Myth is the nought that means all.
The very sun that opens up the sky
Is a bright and silent myth-
The dead embodiment of God
Alive and naked.
Pessoa’s opening stanza familiarizes the reader with the relationship of myth to human history, suggesting that if you peel away enough from any story, or any understanding of a given event, or any cultural practice, you’re left with something mythic at the core. This idea resonates strongly with The Physics of Sorrow, as Chad, Tom, and Brian peeled back the layers during their discussion and kept finding a Minotaur, a myth of sin and abandonment, and its labyrinth. These dark myths are the very essence that illuminates the world that we see, and are a priority to Gospodinov..
The next epigraph is from the noteworthy, seminal, perpetually poignant, well-known Gaustine. If you haven’t heard of him, then you’re clearly just not in the know, whether you’re talking about the mysterious seventeenth-century writer, or the good friend of narrator Gospodinov. From his Selected Biographies:
There is only childhood and death. And nothing in between…
This observation cements what readers can expect from The Physics of Sorrow by building upon Pessoa’s claim. If Pessoa’s epigraph created the first rule of how Gospodinov’s world functions, Gaustine generates the next rule: while myth is everything, there is only childhood and death and nothing in between. The world as we know it is mythic, and those myths are of children and the dead—these themes clearly developed in The Physics of Sorrow. And these themes complement the work at hand, mirroring priorities in Gospodinov’s writing.
But Gaustine isn’t real and is crafted by Gospodinov himself. This prestidigitation fits within the epigraphy as both Pessoa and Borges frequently blurred the line between fact and fiction through working under pseudonyms (or heteronyms, as specified by Pessoa) or generating quotations credited to authors of their own creation (which Borges utilized frequently).
There was a great moment during last week’s conversation when Chad admitted to making up some old Greek dudes to get a point across. Brian then admitted to generating some quick and sloppy Bible verses for his work. I’ve even crafted an imaginary phenomenologist, one Dr. Austra, who initially came to me in a dream as he led me to his tombstone to find his notebook which I raided for some ramblings in my long form fiction. This tradition of imagination and trickery lives on.

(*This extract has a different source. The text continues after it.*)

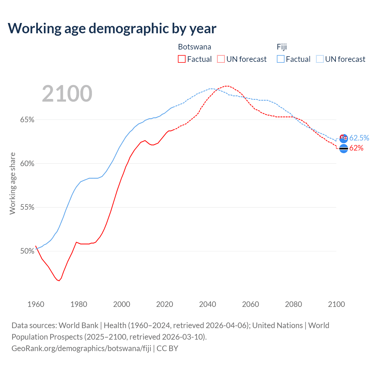 - Botswana has 1.67M working age adults (aged 15-64) vs 623K in Fiji.
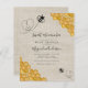 This Sweet as Can Bee baby shower invitation has watercolor honeycombs and sweet little bumblebees making heart shapes as the fly.

The last epigraph in this span is from Borges and fairly straightforward in regards to the themes of the epigraphy and the construction of Gospodinov’s world in The Physics of Sorrow. As with Pessoa’s epigraph, looking at the entirety of the excerpt aids in understanding its importance. This excerpt was the opening from the poem “1964.” The first full half of the poem is as follows:
The world has lost its magic. They have left you.
You no longer share the clear moon
nor the slow gardens. Now there is
no moon that isn’t a mirror to the past,
Solitary crystal, anguished sun.
Goodbye to the mutual hands and the temples
that brought love closer. Today all you have
is the faithful memory and the deserted days.
Nobody loses (you repeat vainly)
Except what they don’t have
and never had, but it is not enough to be valiant
For to learn the art of forgetting
a symbol, a rose, rips you apart
and a guitar can kill you.
We are met with clear cues from the expanded excerpt that strengthen its place in this span of the epigraphy. Through Borges, we understand the world at large: the world is no longer magical; we have been abandoned. These ideas are further built upon from select moments of the larger excerpt. From the opening line we’ve already highlighted, to the last syntactic unit of the second stanza,
[. . .] Today all you have
is the faithful memory and the deserted days [. . .]
to the entirety of the third stanza,
Nobody loses (you repeat vainly)
Except what they don’t have
and never had [. . .]
to the last whole stanza,
For to learn the art of forgetting
a symbol, a rose, rips you apart
and a guitar can kill you [. . .]
each of these statements deepen the importance of memory and loss through forgetfulness and abandonment that Gospodinov is constructing through the epigraphy and into the rest of the book. The next span explains that memory plays a critical role in Gospodinov’s exploration. The individual pieces of the greater work directly address loss frequently, especially in the form of abandonment.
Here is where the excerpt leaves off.